* [YOUR OBJECTIVE]: Nothing in the data should change when you return it, but leave the pictures out.

* [TASK MATERIAL]:
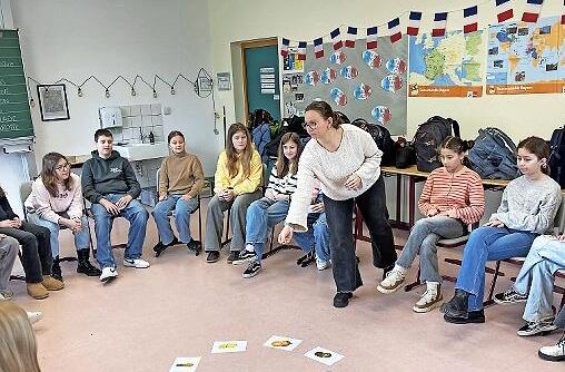 Sie hat die junge Französin Callyssandre aus der Normandie eingeladen, um den Schülern die französische Sprache spielerisch näherzubringen.
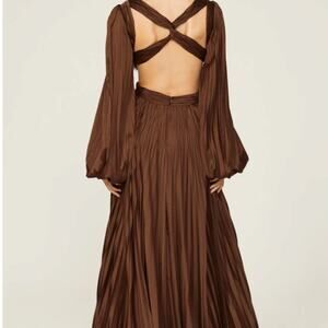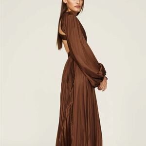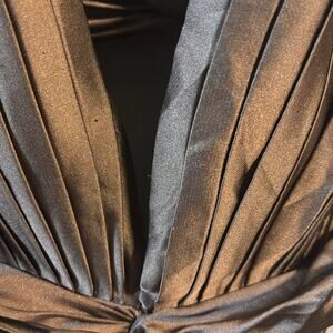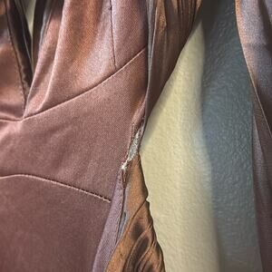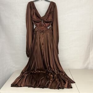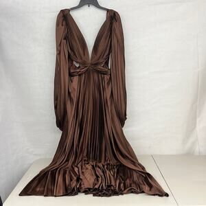 Details: women’s satin like chocolate brown formal gown. Backless with crossover pieces that attach to clasp. Long sleeves with elastic banding around wrist, pleated design and low V-neck. Zippered back and clasp. Built-in inner slip. Pleated cutout long gown
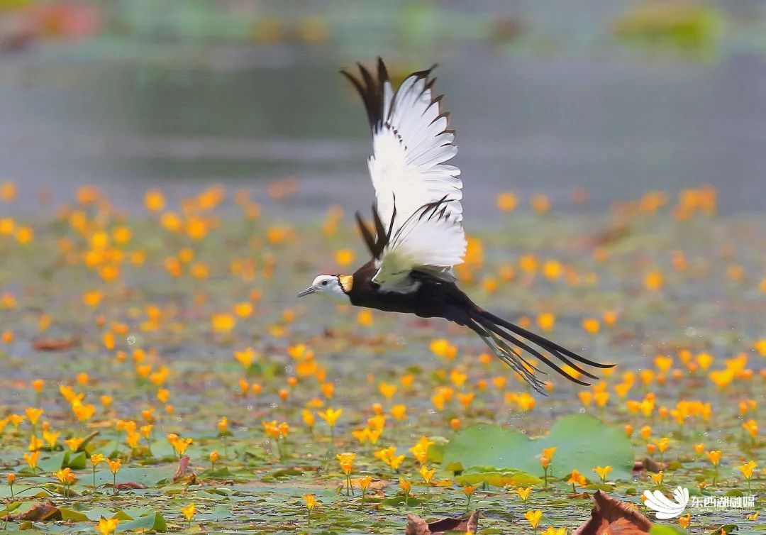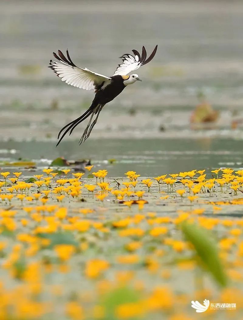 水雉低空划过湖面上的青荇
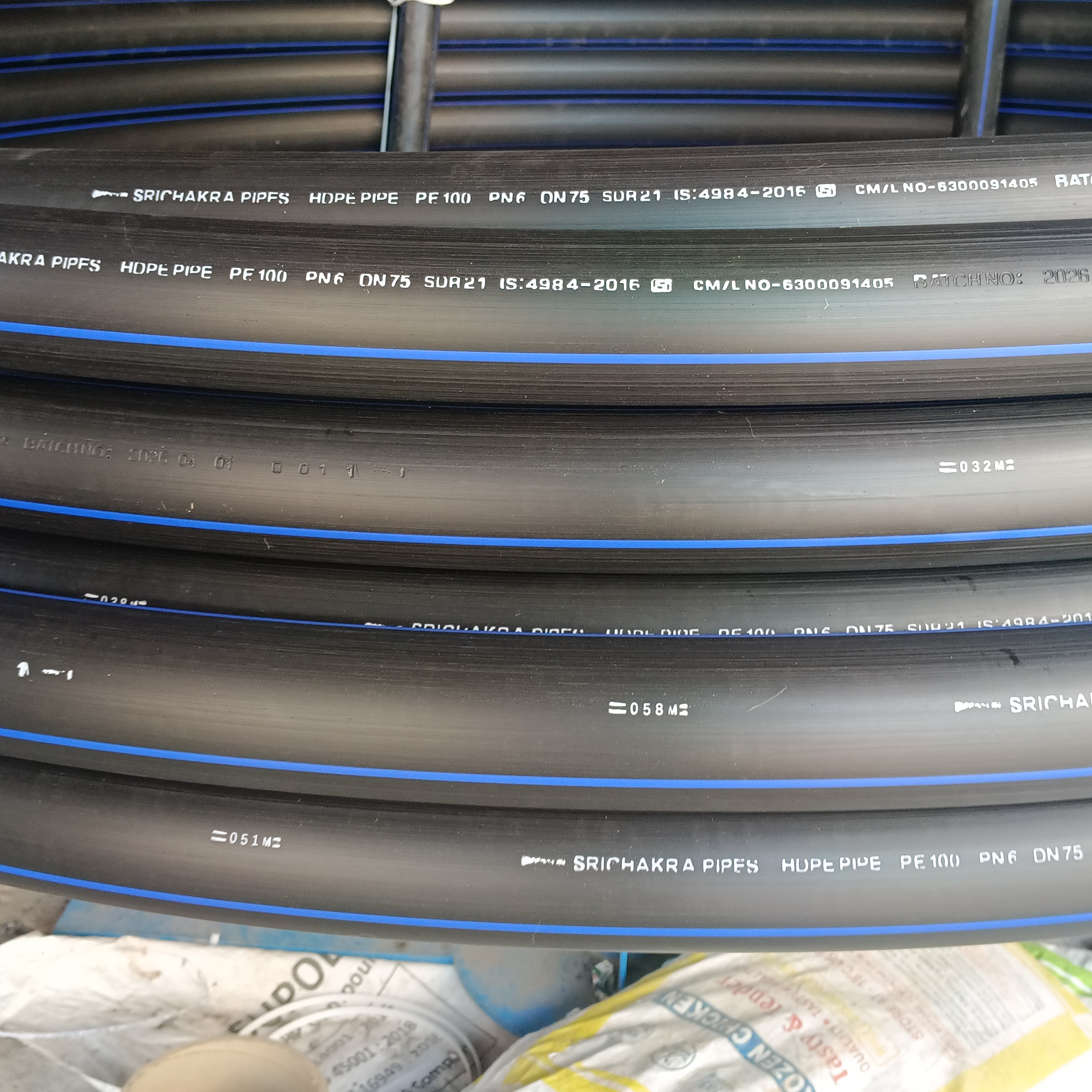 75MM HDPE PIPE, PE100 MATERIAL, 6KG/CM2, manufactured as per ISO and Indian standards. Widely used for water lines and Ducting. Please contact us for more information.
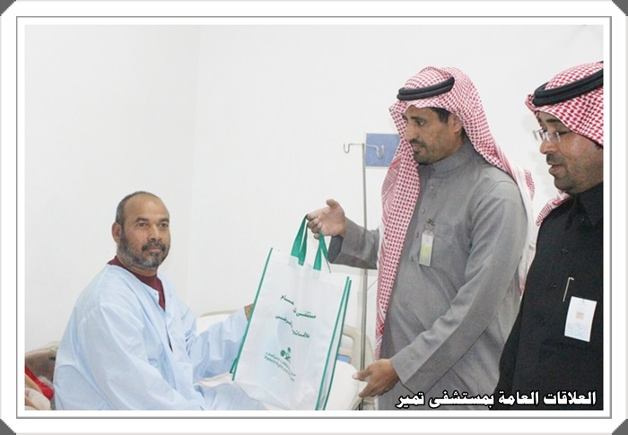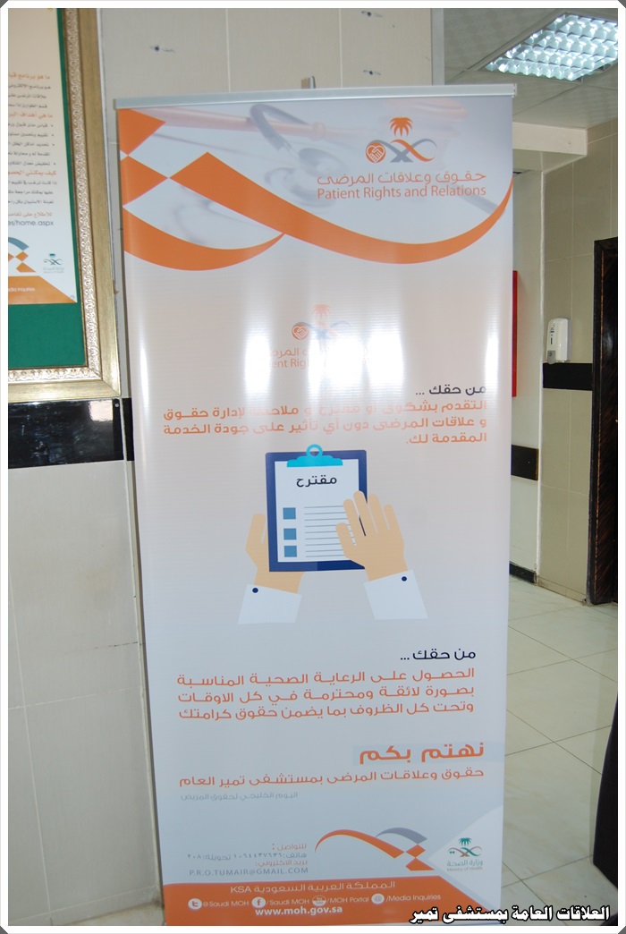 دشن مدير مستشفى تمير العام الأستاذ بجاد الحمراني, المعرضَ التثقيفي الذي أقامته إدارة حقوق وعلاقات المرضى بمستشفى تمير العام، وذلك بمناسبة اليوم الخليجي لحقوق المريض والذي ينظم هذا العام تحت شعار ( نهتم بكم ) بحضور مساعد المدير الأستاذ عبدالله المنيع ومدير إدارة حقوق وعلاقات المرضى بمستشفى تمير الأستاذ حسين التمامي , الذي قدم شرحا عن الخدمات المقدمة للمرضى ومدى تحسينها وتطورها, موضحا أنه تمت زيارة المرضى بقسم الطوارئ والتنويم للاطمئنان على سلامتهم وصحتهم، وسؤالهم عن رضاهم بالخدمات الطبية والصحية المقدمة لهم، وتقديم المطويات والمنشورات وذلك ضمن فعاليات هذا اليوم .
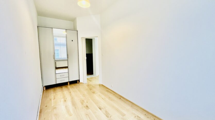dwa mniejsze pokoje (ok. 10 m² każdy) z dużą szafą wnękową z lustrem
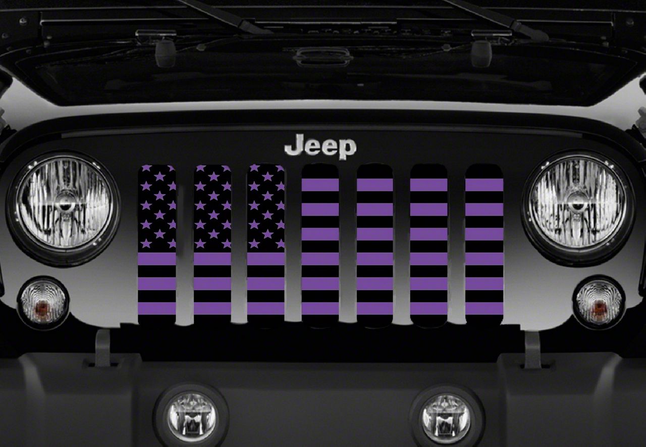 Personalize Your Jeep. This Grille Insert; Black and Purple American Flag will customize your Jeep in your own way. Rest assured, it will not compromise the integrity of your grille. Your radiator and engine compartment still gets the proper airflow needed to perform.

* [ANSWER TO THE PROBLEM]:
 Sie hat die junge Französin Callyssandre aus der Normandie eingeladen, um den Schülern die französische Sprache spielerisch näherzubringen.
 Details: women’s satin like chocolate brown formal gown. Backless with crossover pieces that attach to clasp. Long sleeves with elastic banding around wrist, pleated design and low V-neck. Zippered back and clasp. Built-in inner slip. Pleated cutout long gown
 水雉低空划过湖面上的青荇
 75MM HDPE PIPE, PE100 MATERIAL, 6KG/CM2, manufactured as per ISO and Indian standards. Widely used for water lines and Ducting. Please contact us for more information.
 دشن مدير مستشفى تمير العام الأستاذ بجاد الحمراني, المعرضَ التثقيفي الذي أقامته إدارة حقوق وعلاقات المرضى بمستشفى تمير العام، وذلك بمناسبة اليوم الخليجي لحقوق المريض والذي ينظم هذا العام تحت شعار ( نهتم بكم ) بحضور مساعد المدير الأستاذ عبدالله المنيع ومدير إدارة حقوق وعلاقات المرضى بمستشفى تمير الأستاذ حسين التمامي , الذي قدم شرحا عن الخدمات المقدمة للمرضى ومدى تحسينها وتطورها, موضحا أنه تمت زيارة المرضى بقسم الطوارئ والتنويم للاطمئنان على سلامتهم وصحتهم، وسؤالهم عن رضاهم بالخدمات الطبية والصحية المقدمة لهم، وتقديم المطويات والمنشورات وذلك ضمن فعاليات هذا اليوم .
dwa mniejsze pokoje (ok. 10 m² każdy) z dużą szafą wnękową z lustrem
 Personalize Your Jeep. This Grille Insert; Black and Purple American Flag will customize your Jeep in your own way. Rest assured, it will not compromise the integrity of your grille. Your radiator and engine compartment still gets the proper airflow needed to perform.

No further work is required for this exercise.